***** DATA BLOCK

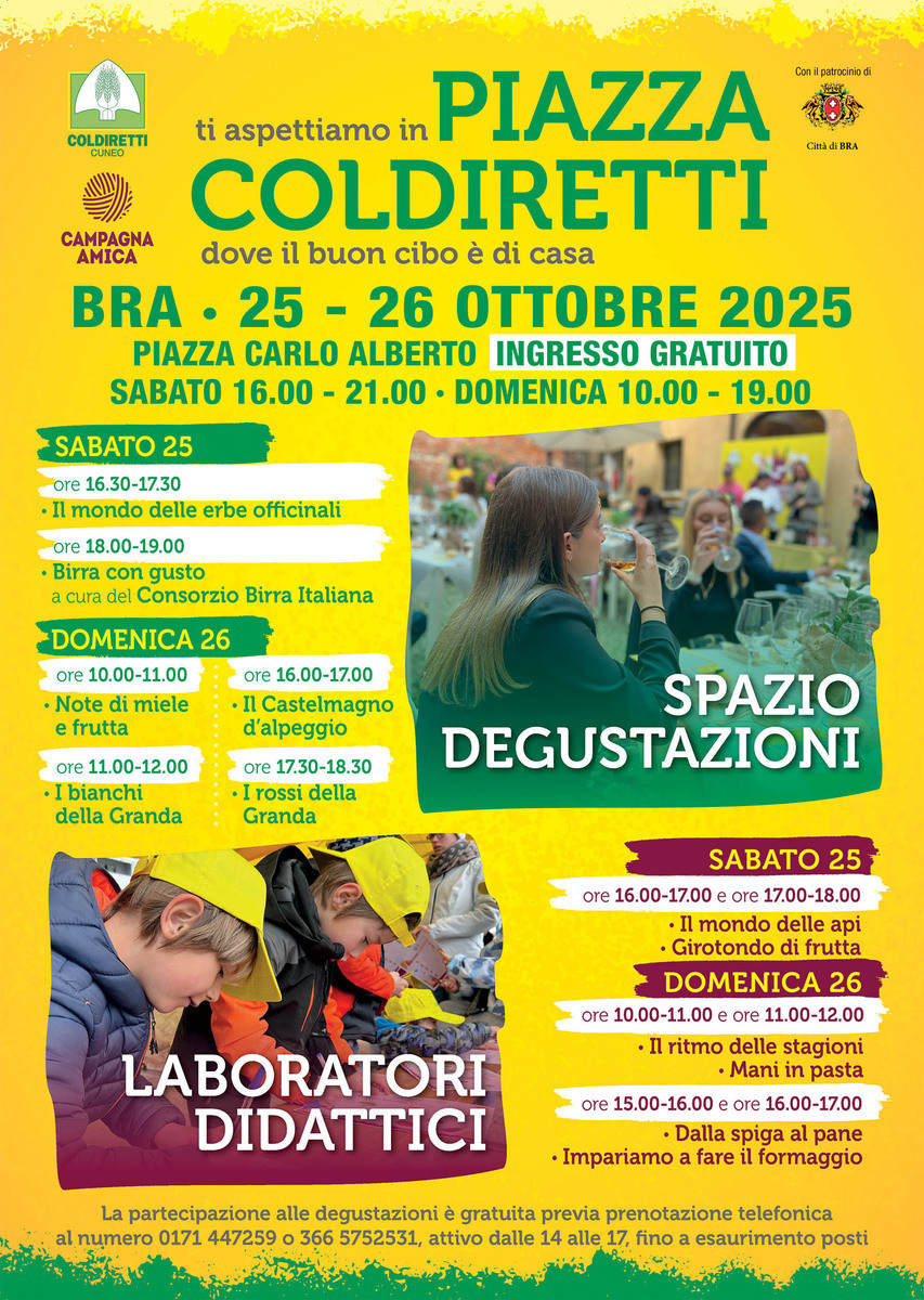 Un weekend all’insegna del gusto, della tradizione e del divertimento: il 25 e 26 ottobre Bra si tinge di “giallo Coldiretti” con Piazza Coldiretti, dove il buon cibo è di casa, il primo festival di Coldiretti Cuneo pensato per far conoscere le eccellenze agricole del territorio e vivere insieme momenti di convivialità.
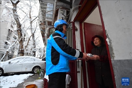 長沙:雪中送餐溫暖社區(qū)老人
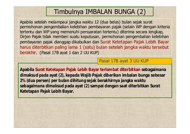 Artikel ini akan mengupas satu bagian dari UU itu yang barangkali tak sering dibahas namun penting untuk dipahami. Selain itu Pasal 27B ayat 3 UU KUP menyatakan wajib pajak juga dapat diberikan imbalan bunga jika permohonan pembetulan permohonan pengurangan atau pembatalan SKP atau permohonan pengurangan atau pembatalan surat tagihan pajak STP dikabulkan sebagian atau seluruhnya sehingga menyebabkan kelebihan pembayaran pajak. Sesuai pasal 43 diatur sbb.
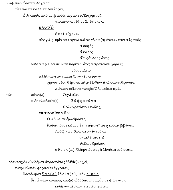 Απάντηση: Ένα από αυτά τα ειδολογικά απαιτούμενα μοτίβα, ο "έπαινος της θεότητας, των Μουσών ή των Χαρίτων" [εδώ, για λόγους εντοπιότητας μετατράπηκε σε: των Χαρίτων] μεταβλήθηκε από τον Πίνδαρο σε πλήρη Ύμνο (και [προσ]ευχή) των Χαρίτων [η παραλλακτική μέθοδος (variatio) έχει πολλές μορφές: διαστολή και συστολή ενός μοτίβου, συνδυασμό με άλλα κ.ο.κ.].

**********

What is needed is the listing above, repeated verbatim, without its images.

 Un weekend all’insegna del gusto, della tradizione e del divertimento: il 25 e 26 ottobre Bra si tinge di “giallo Coldiretti” con Piazza Coldiretti, dove il buon cibo è di casa, il primo festival di Coldiretti Cuneo pensato per far conoscere le eccellenze agricole del territorio e vivere insieme momenti di convivialità.
 長沙:雪中送餐溫暖社區(qū)老人
 Artikel ini akan mengupas satu bagian dari UU itu yang barangkali tak sering dibahas namun penting untuk dipahami. Selain itu Pasal 27B ayat 3 UU KUP menyatakan wajib pajak juga dapat diberikan imbalan bunga jika permohonan pembetulan permohonan pengurangan atau pembatalan SKP atau permohonan pengurangan atau pembatalan surat tagihan pajak STP dikabulkan sebagian atau seluruhnya sehingga menyebabkan kelebihan pembayaran pajak. Sesuai pasal 43 diatur sbb.
 Απάντηση: Ένα από αυτά τα ειδολογικά απαιτούμενα μοτίβα, ο "έπαινος της θεότητας, των Μουσών ή των Χαρίτων" [εδώ, για λόγους εντοπιότητας μετατράπηκε σε: των Χαρίτων] μεταβλήθηκε από τον Πίνδαρο σε πλήρη Ύμνο (και [προσ]ευχή) των Χαρίτων [η παραλλακτική μέθοδος (variatio) έχει πολλές μορφές: διαστολή και συστολή ενός μοτίβου, συνδυασμό με άλλα κ.ο.κ.].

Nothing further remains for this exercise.